Since the format="mp4", the reader will process all “mp4” files in the sub-directories of dir. Names of sub-directories are considered as class_label for all the videos in it. Reader internally creates class_list which is a sorted list of unique class_labels (i.e. sorted list of unique sub-directory names). class_list is used as a dictionary to generate output ground truth labels. Output ground truth label of every video is index of video class_label in class_list (i.e. index of sub-directory name in which that video is present in class_list). In the below example, reader is returning ground truth label for every video, which is displayed as align title of that Video.

import os
import matplotlib.pyplot as plt
from habana_frameworks.mediapipe import fn
from habana_frameworks.mediapipe.mediapipe import MediaPipe
from habana_frameworks.mediapipe.media_types import imgtype as it
from habana_frameworks.mediapipe.media_types import dtype as dt
from habana_frameworks.mediapipe.media_types import clipSampler as cs
from habana_frameworks.mediapipe.media_types import lastBatchStrategy as lbs

g_stride = 3
g_step_between_clips = 2
g_clips_per_video = 2


def get_dec_max_frame_gen(frame_per_clip, stride):
    dec_max_frame = ((frame_per_clip - 1) * stride) + 1
    return dec_max_frame


class myMediaPipe(MediaPipe):

    def __init__(self,
                device,
                queue_depth,
                batch_size,
                num_threads,
                dir,
                resize_w,
                resize_h,
                frame_per_clip):

        super(myMediaPipe, self).__init__(device,
                                          queue_depth,
                                          batch_size,
                                          num_threads,
                                          self.__class__.__name__)

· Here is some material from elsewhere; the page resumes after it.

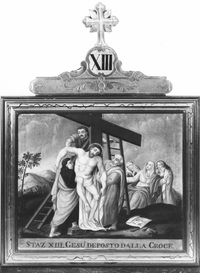 - ISCRIZIONI in basso - STAZ. XIII GESU DEPOSTO DALLA CROCE - lettere capitali - a pennello - latino
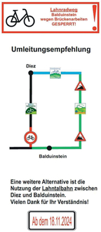 Der Landesbetrieb Mobilität Diez teilt mit, dass die Arbeiten auf der Lahnseite Balduinstein mittlerweile soweit fortgeschritten sind, dass in kürze die Arbeiten auf der Seite Langenscheid beginnen werden. Hierzu ist nun die erste Vollsperrung des Lahnradweges unumgänglich. Geplanter Beginn der Vollsperrung des Lahnradweges ist der 18.11.2024, die Sperrung dauert bis vermutlich Ende Februar 2025.

        self.input = fn.ReadVideoDatasetFromDirGen(dir=dir,
                                                  format="mp4",
                                                  frames_per_clip=frame_per_clip,
                                                  clips_per_video=g_clips_per_video,
                                                  stride=g_stride,
                                                  step_between_clips=g_step_between_clips,
                                                  last_batch_strategy=lbs.CYCLIC,
                                                  sampler=cs.CONTIGUOUS_SAMPLER)

        dec_max_frame = get_dec_max_frame_gen(frame_per_clip, g_stride)
        print("VideoDecoder max_frame_vid: {} resize: w {} h {}".format(dec_max_frame,
                                                                        resize_w,
                                                                        resize_h))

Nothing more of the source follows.